Пнин внимательно слушал Радищева, покорявшего его своей искренностью. Он думал, какая ещё юношеская сила сохранилась в писателе, если он, несмотря на свои пятьдесят три года, мог так зажигательно и пламенно говорить о своих взглядах и убеждениях.
Речь Александра Николаевича была стремительна, голос твёрд и звонок, выражение лица человека, восхищённого жизнью, в которой он познал особую красоту в духовное богатство, неведомое для других.
Пнину казалось, что голос Радищева он узнал бы всегда из тысячи других голосов по его жизнерадостной интонации и утверждающей приподнятости. Пнин благодарил судьбу за то, что ему довелось встретиться в жизни с человеком смелым, самостоятельным, беспощадным в борьбе за свою правоту, дерзнувшим наперекор царской власти и силе утверждать новые начала гражданственности, видеть новые горизонты общественного переустройства России, освобождающего её народ от произвола и насилия.
— На Руси закон — извет воли самодержавной, — говорил Радищев, — а цель закона сделать нравы непорочными, веру чистой, природную вольность нерушимой…
Пнину казалось, что если замыслы этого смелого современника, необыкновенного человека их столетия, пока ещё остаются неосуществлёнными, то по важности его открытия и революционной дальновидности потомство обязано их сохранить в чистоте и передать, как главнейшую эстафету века, чтобы её доставили тысячи таких же смельчаков, как Радищев, к заветной цели.

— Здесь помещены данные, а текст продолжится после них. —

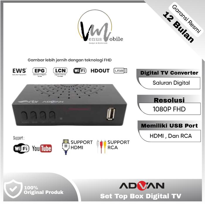 Advan Digitv Stb Digipro Fullhd Av Receiver Dvb T2 Digital Tv Converter Set Top Box - Advan, Stb Only
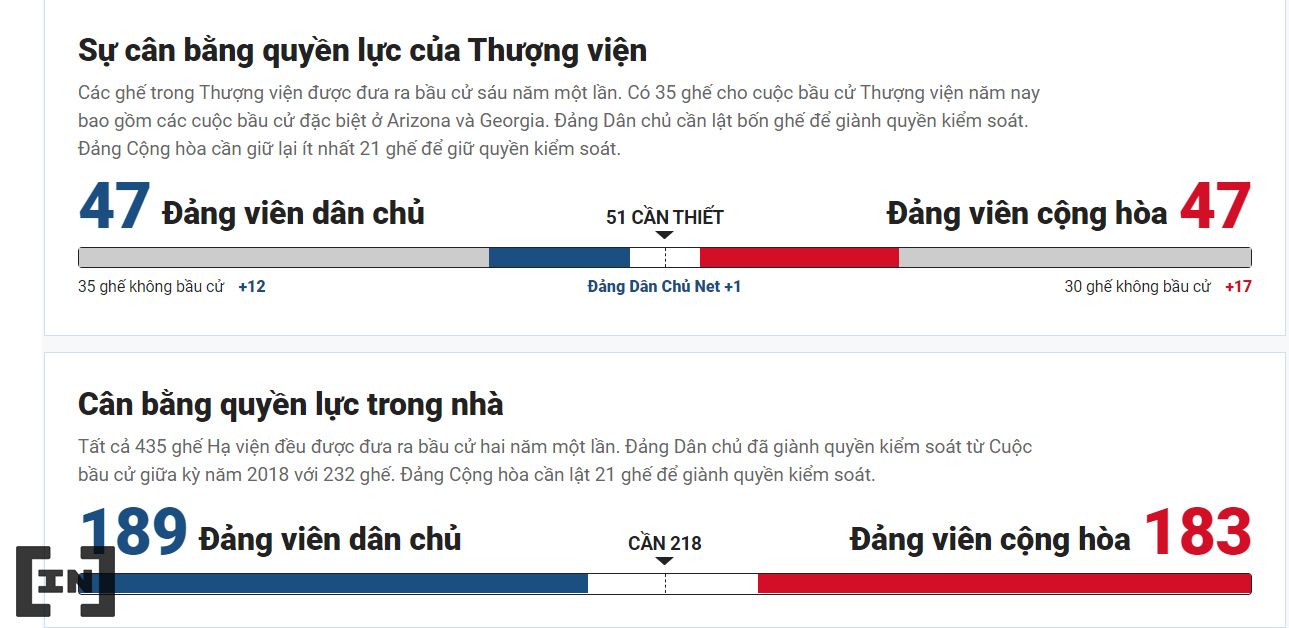 Đến 20 giờ 4.11 tại Việt Nam, số lượng cử tri của hai đảng đã thay đổi đáng kể. Tại thượng viện, cả đảng Dân chủ và đảng Cộng hòa đã cầm hòa với 47 ghế, trong đó đảng Cộng hòa có 17 đảng viên tham gia bầu cử.
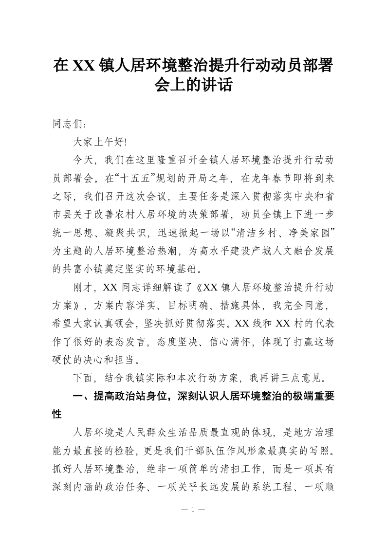 在XX镇人居环境整治提升行动动员部署会上的讲话
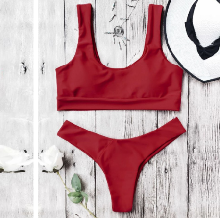 European and American foreign trade new style sexy solid color bikini beach with chest pad polyester female swimsuit

Этого требовала история российского отечества, требовал её народ.
— Александр Николаевич, вам от рождения начертано судьбою быть человеком с помыслами, устремлёнными вперёд, вам суждено быть нашим духовным вождём.

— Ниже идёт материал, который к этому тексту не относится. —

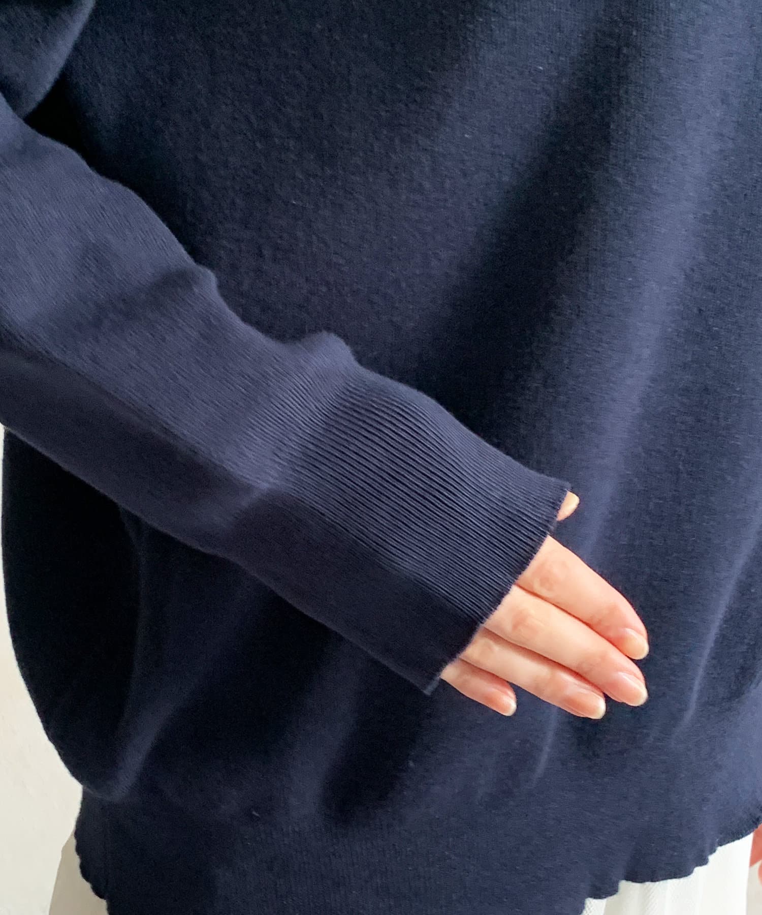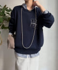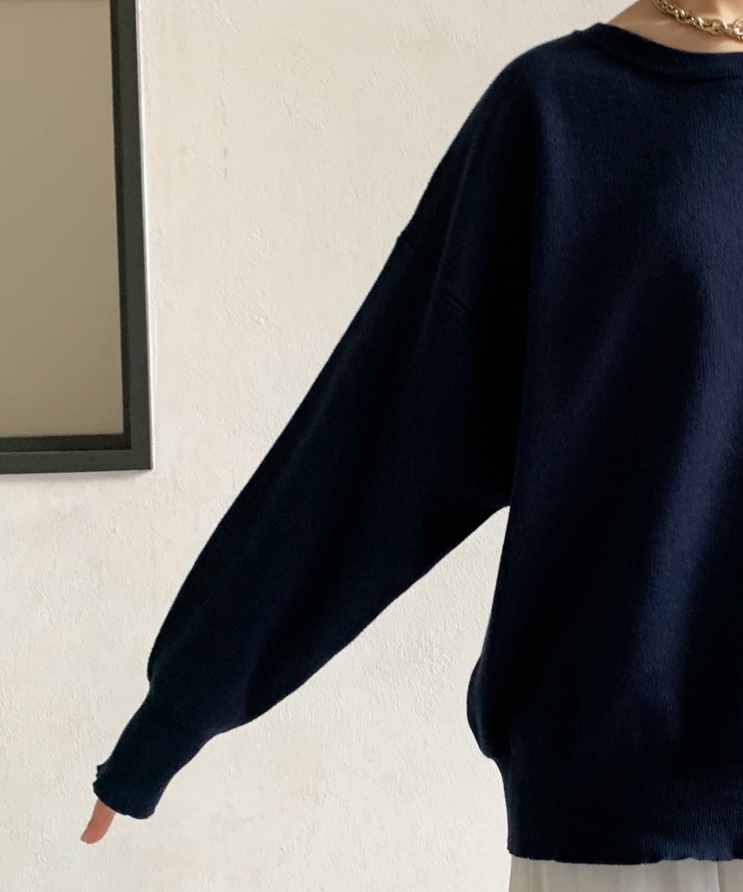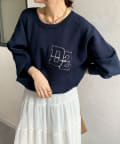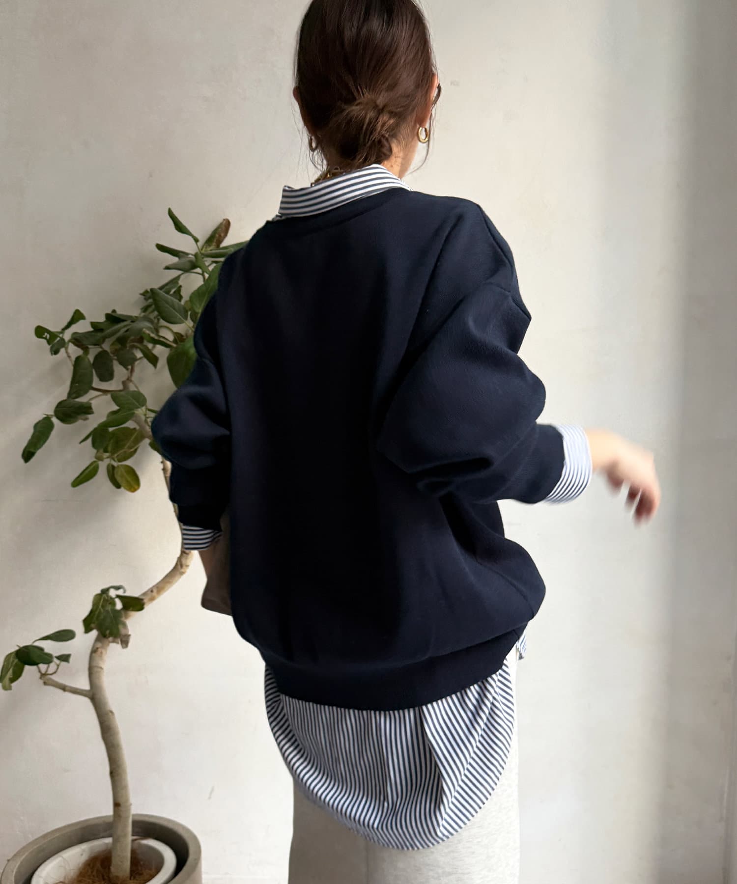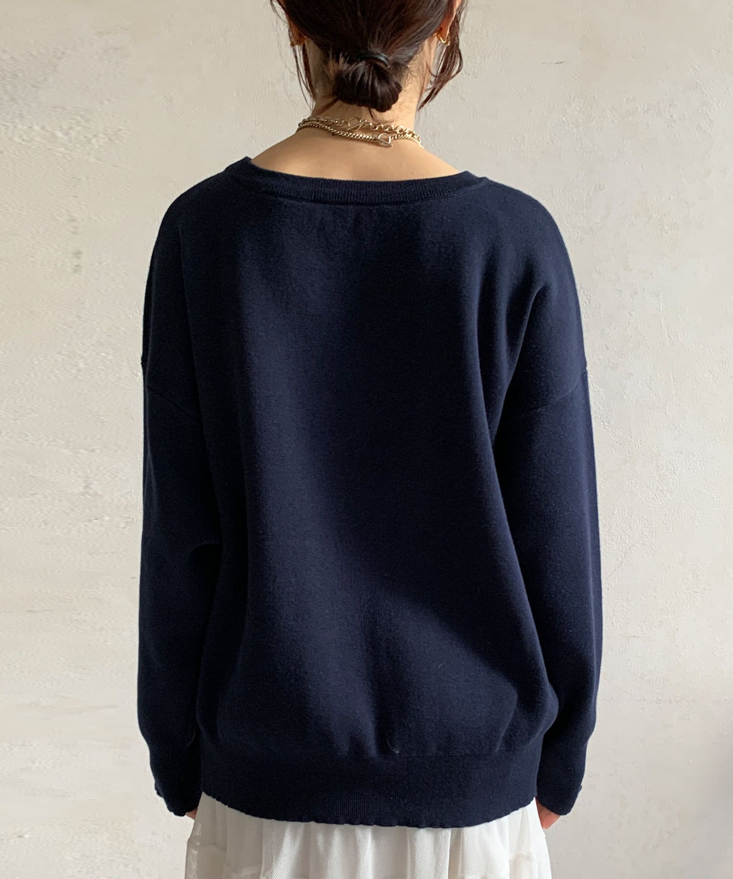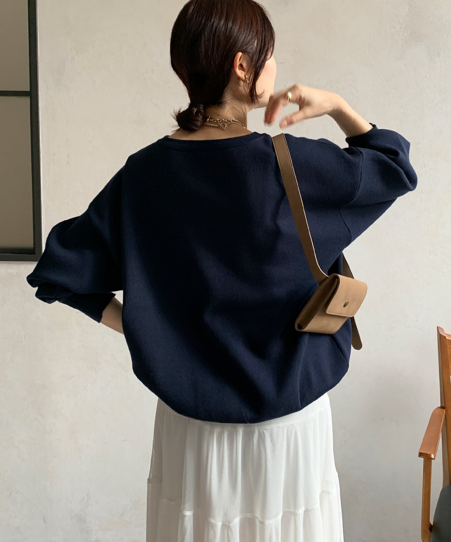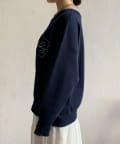 サガラ刺繍のワッペンがワンポイントになってくれるスウェットライクニット。
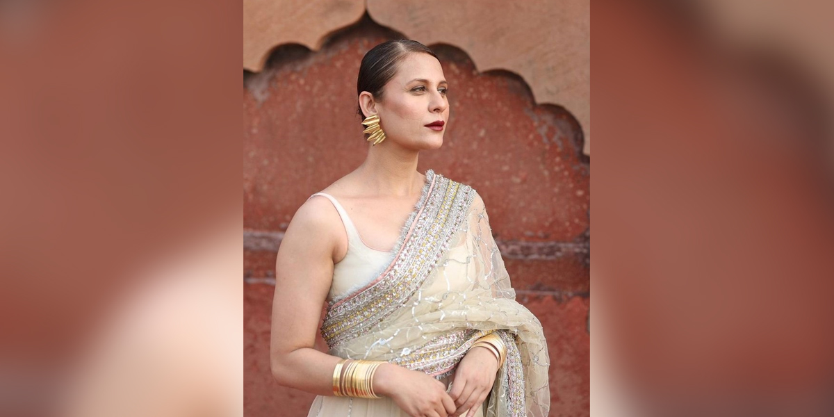 وائرل تصویر میں دیکھا جاسکتا ہے کہ نوشین شاہ نے کریم رنگ کی ساڑھی پہنی ہوئی ہے۔
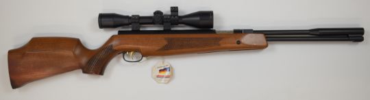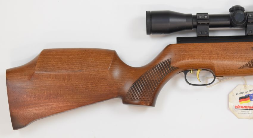 Weihrauch HW97K .22 underlever air rifle with patterned semi-pistol grip and forend, raised cheek piece, adjustable trigger and Edgar Brothers 6x44 scope, serial number 2379859, with original tag.

— Спасибо, друг! — сказал растроганный Радищев. — За добрым словом я жду от всех вас добрых дел. Все мы, кто одержим заветной целью освобождения народа от пут и гнёта, будут с похвалой помянуты потомками. Но, милый Иван Петрович, нам дорога должна быть не столь их похвала, сколь то, что они будут навсегда свободны и познают настоящее счастье в жизни. А что может быть превыше свободы и счастья народного?
«Ничего бы лучшего я не хотел для себя, — подумал Пнин, — как быть достойным и хотя бы частично похожим на Радищева в своей верности приверженному делу. Всё это даётся в награду лишь тому человеку, кто безгранично предан своему делу, найденному в жизни, а есть ли у него такое право? Отдал ли он все свои силы, всю свою энергию однажды найденному в жизни делу, как это сделал Радищев?»
Пнина охватило горькое чувство, сознание, что у него никогда не было и едва ли будет такая воля, какой от рождения награждён Радищев, что такие исключительные натуры бывают редки и нет второго среди современников, что они рождаются не сами по себе, а их выносит на бурлящую поверхность жизни сама судьба, а она, эта судьба, у него совсем иная, чем у Радищева, от рождения какая-то ущербная.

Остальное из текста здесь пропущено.